How Does Impaired Brain Function Affect Cognitive Abilities in Parkinson’s Patients?

New Delhi, May 5 (NationPress) Researchers at the Indian Institute of Technology (IIT) Bombay have conducted a groundbreaking study revealing how disrupted brain activity influences cognitive abilities in individuals with Parkinson’s disease.

The research focused on the altered processing of rewards in Parkinson’s patients, aiming to understand the reasons behind their lack of motivation and compromised decision-making skills.

Parkinson’s disease is a neurodegenerative condition that primarily leads to symptoms such as tremors, muscle rigidity, and slowness of movement. However, many patients also experience a diminished sense of pleasure and motivation, which is linked to reduced levels of the dopamine hormone.

Dopamine, often referred to as the ‘feel-good’ hormone, is typically released during enjoyable activities or when rewards are received.

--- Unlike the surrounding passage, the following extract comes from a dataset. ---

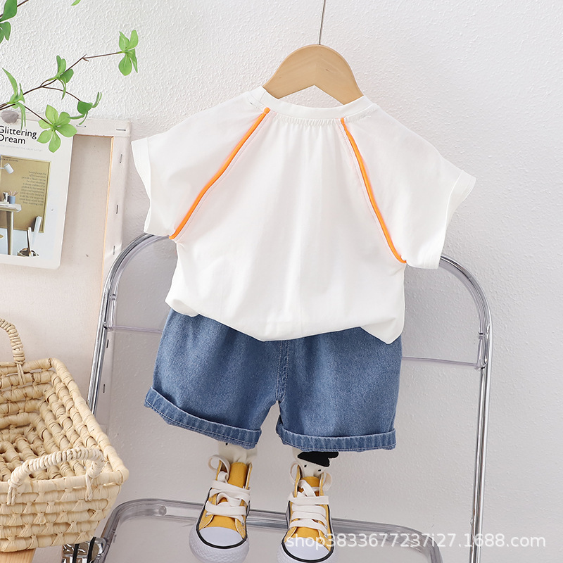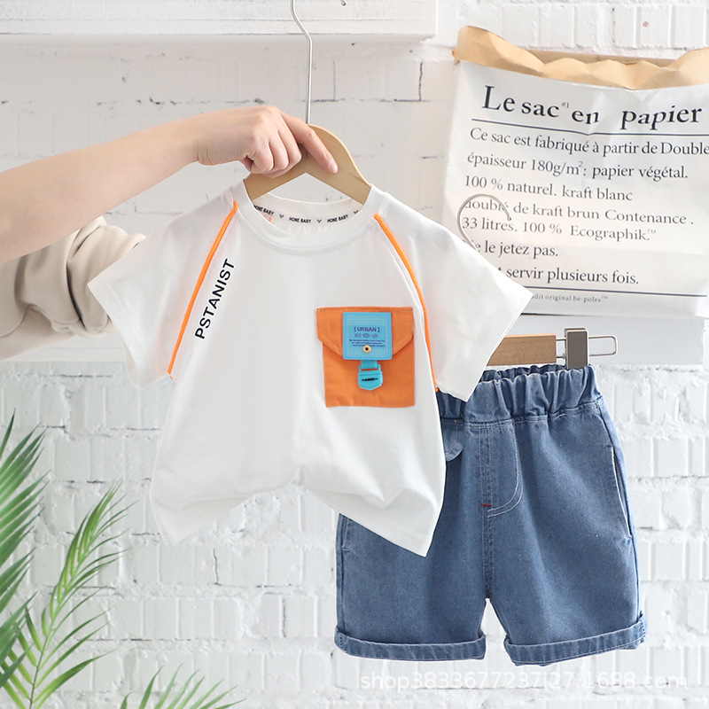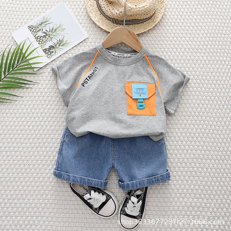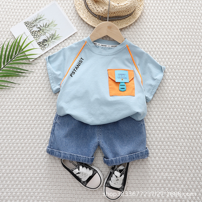 리틀 소년 여름 의류 세트 2023 새로운 아기 아동 의류 남자 아기 여름 의류 색상 매칭 반팔 투피스 도매스토어 가기

The deficiency of dopamine in Parkinson’s patients results in altered brain function and disrupted reward processing—the brain's capacity to recognize, appreciate, and respond to rewarding stimuli.

To explore reward processing, the research team utilized brain signals.

The findings indicated that reward positivity was significantly lower in patients with Parkinson’s, suggesting that their brains are less efficient at processing rewards. Reward positivity plays a crucial role in cognitive functions like attention, learning, and emotional responses.

Moreover, dopamine therapy did not succeed in restoring reward positivity.

“Under normal circumstances, the brain releases dopamine in short bursts following a reward, but in Parkinson’s, these bursts are less intense. While dopamine medication can replenish dopamine levels, it does not mimic the natural burst-like signals. This discrepancy may explain why dopamine alleviates motor symptoms but does not enhance cognitive functions such as reward processing,” explained Prof. Nivethida Thirugnanasambandam, who led the study at the Human Motor Neurophysiology and Neuromodulation Lab within the Department of Biosciences and Bioengineering.

“Thus, additional treatment strategies may be essential to address cognitive deficits in Parkinson’s,” she added.

The research team analyzed electroencephalography (EEG) data from 28 Parkinson’s patients and 28 healthy controls while they engaged in a reward-based learning task.

EEG recordings were taken from Parkinson’s patients both before and after receiving dopamine medication (ON condition). This comparative approach allowed researchers to assess the impact of dopamine treatment on reward processing.

Additionally, the analysis revealed that Parkinson’s patients exhibited reduced theta-gamma synchronization, leading to inefficient communication between brain regions responsible for processing rewards and utilizing that information for goal-directed behavior. This disruption may explain the observed lack of motivation and impaired decision-making in Parkinson’s patients.

The synchronization of theta and gamma waves is essential for cognitive functions such as reward processing and goal-oriented behavior.

While dopamine medication partially restored theta-gamma synchronization, this discovery underscores the potential of theta-gamma coupling as a biomarker for assessing impairments in reward mechanisms among Parkinson’s patients.